Our model got 96.5% accuracy on the test set. Now let’s evaluate our model using the predict() function.

from sklearn.metrics import classification_report, confusion_matrix

predictions = model.predict(test_X, batch_size= batch_size)
predictions = np.argmax(predictions, axis= 1)
actuals = np.argmax(test_Y, axis= 1)

print(classification_report(actuals, predictions, target_names= label_binarizer.classes_))

cm = confusion_matrix(actuals, predictions)
print(cm)

Output:

The predictions made by the model will be an array with each value being the probability that it predicts the image belongs to that category. So, we take the maximum of all such probabilities and assign the predicted label to that image input.

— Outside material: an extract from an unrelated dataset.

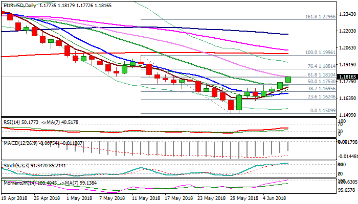 The Euro maintains bullish tone on Thursday and tests strong Fibo barrier at 1.1810 (Fibo 61.8% of 1.1996/1.1509 bear-leg, also pressuring falling 30SMA (1.1817) which reinforces resistance.

A confusion matrix is a matrix representation showing how well the trained model predicts each target class with respect to the counts. It contains 4 values in the following format:

TP FN
FP TN

• True positive (TP): Target is positive and the model predicted it as positive
• False negative (FN): Target is positive and the model predicted it as negative
• False positive (FP): Target is negative and the model predicted it as positive
• True negative (TN): Target is negative and the model predicted it as negative

The classification report provides a summary of the metrics precision, recall and F1-score for each class/label in the dataset. It also provides the accuracy and how many dataset samples of each label it categorized.

Now, let’s find the overall accuracy of the model using the formula: (TP + TN) / (TP + FN + FN + TN)

total = sum(sum(cm))
accuracy = (cm[0, 0] + cm[1, 1]) / total
print("Accuracy: {:.4f}".format(accuracy))

The accuracy of our model is found to be 96.15%

Using matplotlib, let’s plot the metrics.

N = epochs
plt.style.use("ggplot")
plt.figure()
plt.plot(np.arange(0, N), history.history["loss"], label= "train_loss")
plt.plot(np.arange(0, N), history.history["val_loss"], label= "val_loss")

plt.plot(np.arange(0, N), history.history["accuracy"], label= "train_acc")
plt.plot(np.arange(0, N), history.history["val_accuracy"], label= "val_acc")

plt.title("Training Loss and Accuracy on Brain Dataset")
plt.xlabel("Epoch")
plt.ylabel("Loss / Accuracy")
plt.legend(loc= "lower left")
plt.savefig("plot.jpg")

Output:

Summary

In brain tumor classification using machine learning, we built a binary classifier to detect brain tumors from MRI scan images. We built our classifier using transfer learning and obtained an accuracy of 96.5% and visualized our model’s overall performance.